TASK STATEMENT: Nothing but the lines from the one containing "The second chart" through the end of the data should be retyped, exactly as they stand, and pictures should not be retyped.

*** Opening of DATA SUPPLIED ***

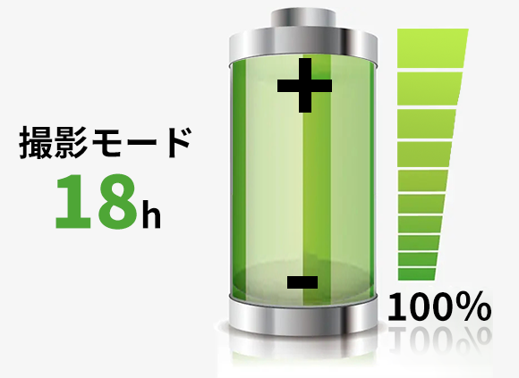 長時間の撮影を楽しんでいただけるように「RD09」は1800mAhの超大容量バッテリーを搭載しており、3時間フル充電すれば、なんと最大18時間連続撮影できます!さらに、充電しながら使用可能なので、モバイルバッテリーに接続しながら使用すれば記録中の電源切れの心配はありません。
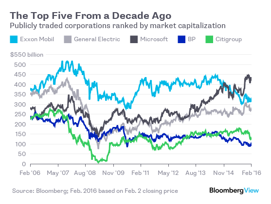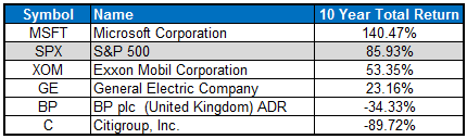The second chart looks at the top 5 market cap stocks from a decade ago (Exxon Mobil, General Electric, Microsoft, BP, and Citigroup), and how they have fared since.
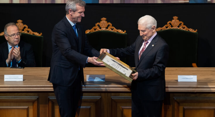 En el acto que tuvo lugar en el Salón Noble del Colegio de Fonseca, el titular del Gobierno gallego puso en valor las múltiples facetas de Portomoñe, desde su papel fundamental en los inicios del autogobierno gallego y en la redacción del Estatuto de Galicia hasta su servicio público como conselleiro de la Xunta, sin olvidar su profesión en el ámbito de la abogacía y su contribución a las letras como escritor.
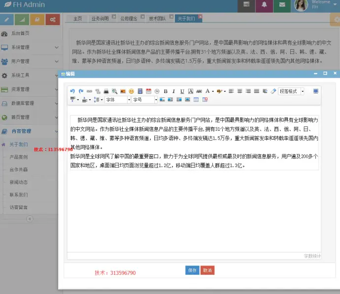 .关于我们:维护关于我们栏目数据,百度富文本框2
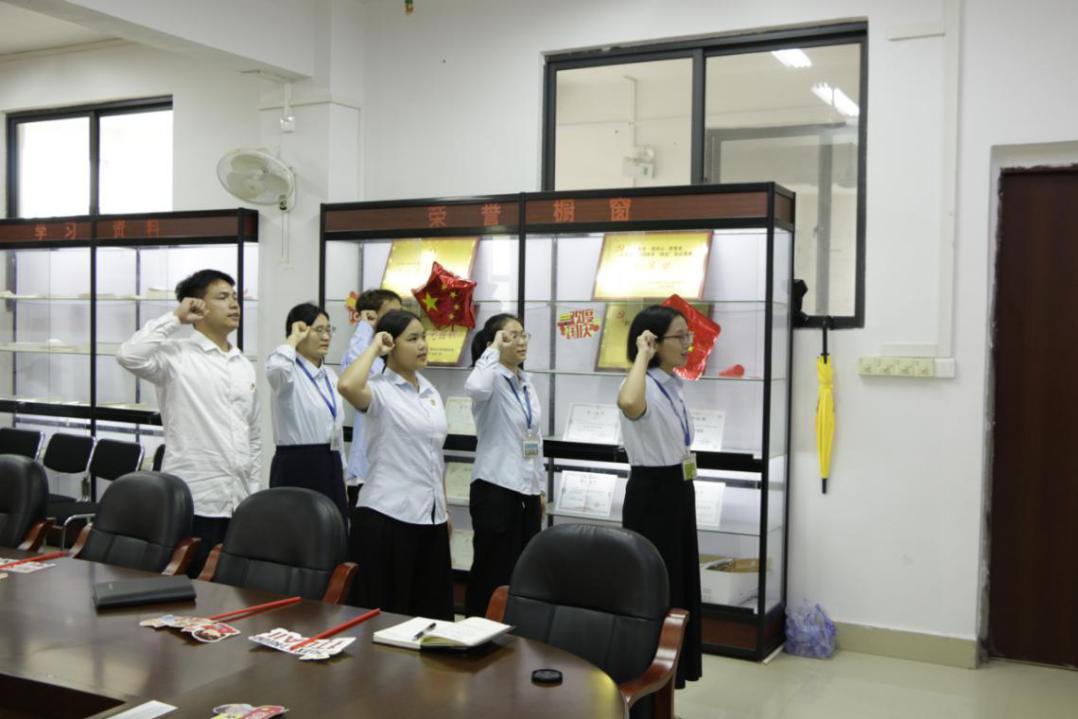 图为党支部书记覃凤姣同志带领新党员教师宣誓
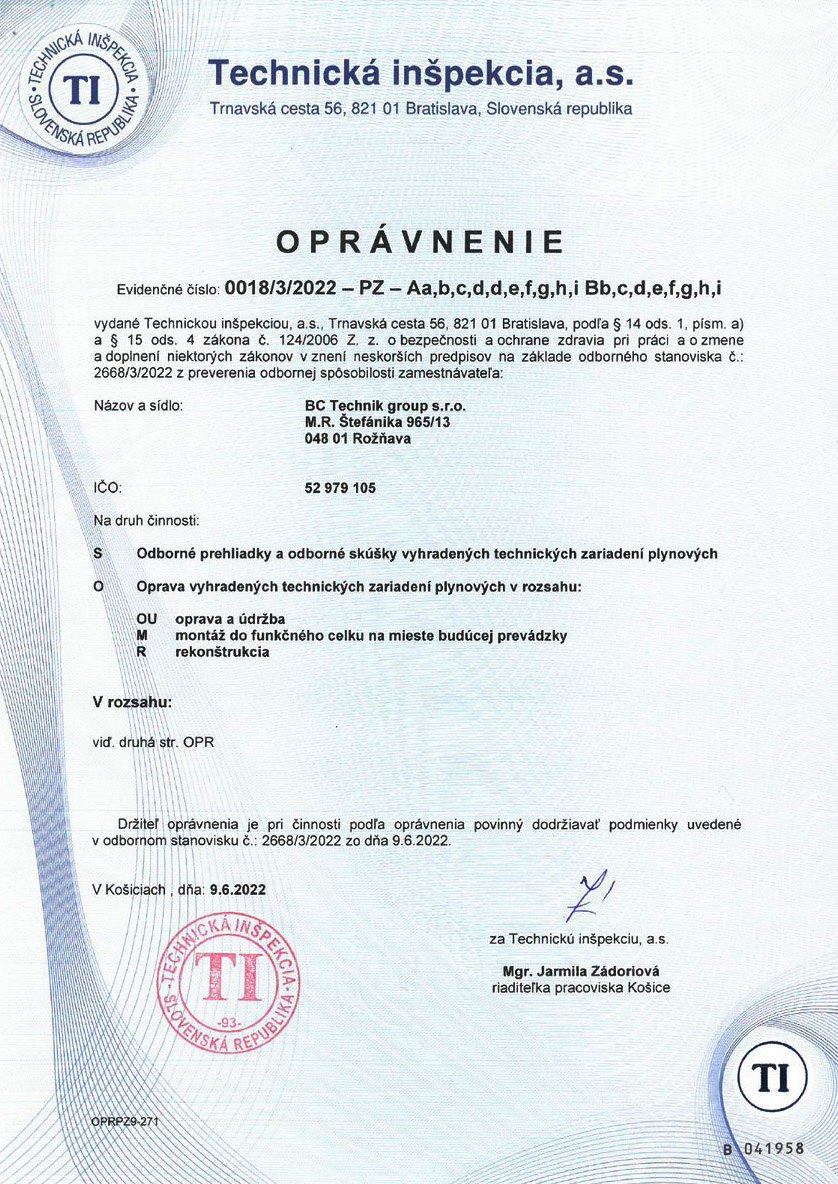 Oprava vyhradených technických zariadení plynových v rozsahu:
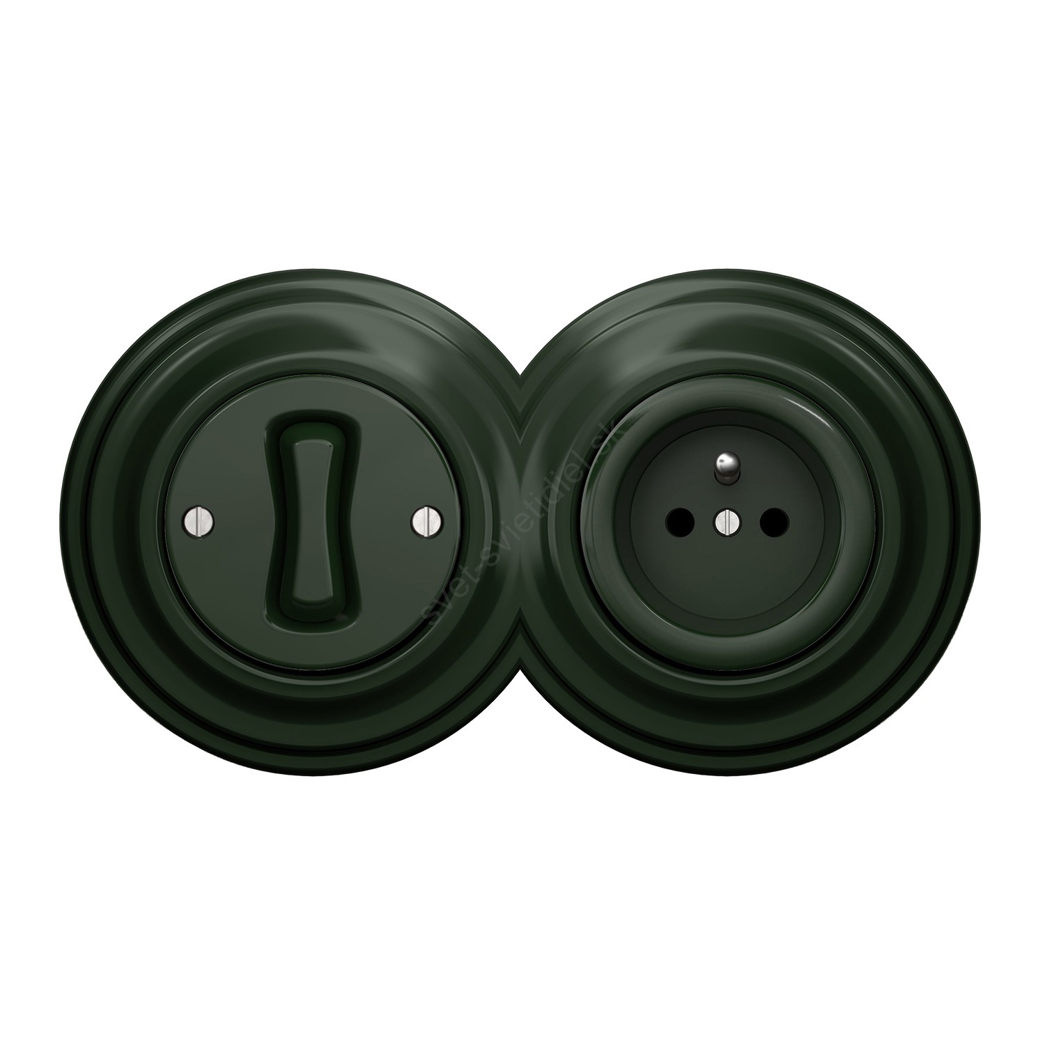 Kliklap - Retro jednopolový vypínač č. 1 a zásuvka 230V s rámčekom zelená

*** Close of DATA SUPPLIED ***

EXERCISE RESULT:
The second chart looks at the top 5 market cap stocks from a decade ago (Exxon Mobil, General Electric, Microsoft, BP, and Citigroup), and how they have fared since.
 En el acto que tuvo lugar en el Salón Noble del Colegio de Fonseca, el titular del Gobierno gallego puso en valor las múltiples facetas de Portomoñe, desde su papel fundamental en los inicios del autogobierno gallego y en la redacción del Estatuto de Galicia hasta su servicio público como conselleiro de la Xunta, sin olvidar su profesión en el ámbito de la abogacía y su contribución a las letras como escritor.
 .关于我们:维护关于我们栏目数据,百度富文本框2
 图为党支部书记覃凤姣同志带领新党员教师宣誓
 Oprava vyhradených technických zariadení plynových v rozsahu:
 Kliklap - Retro jednopolový vypínač č. 1 a zásuvka 230V s rámčekom zelená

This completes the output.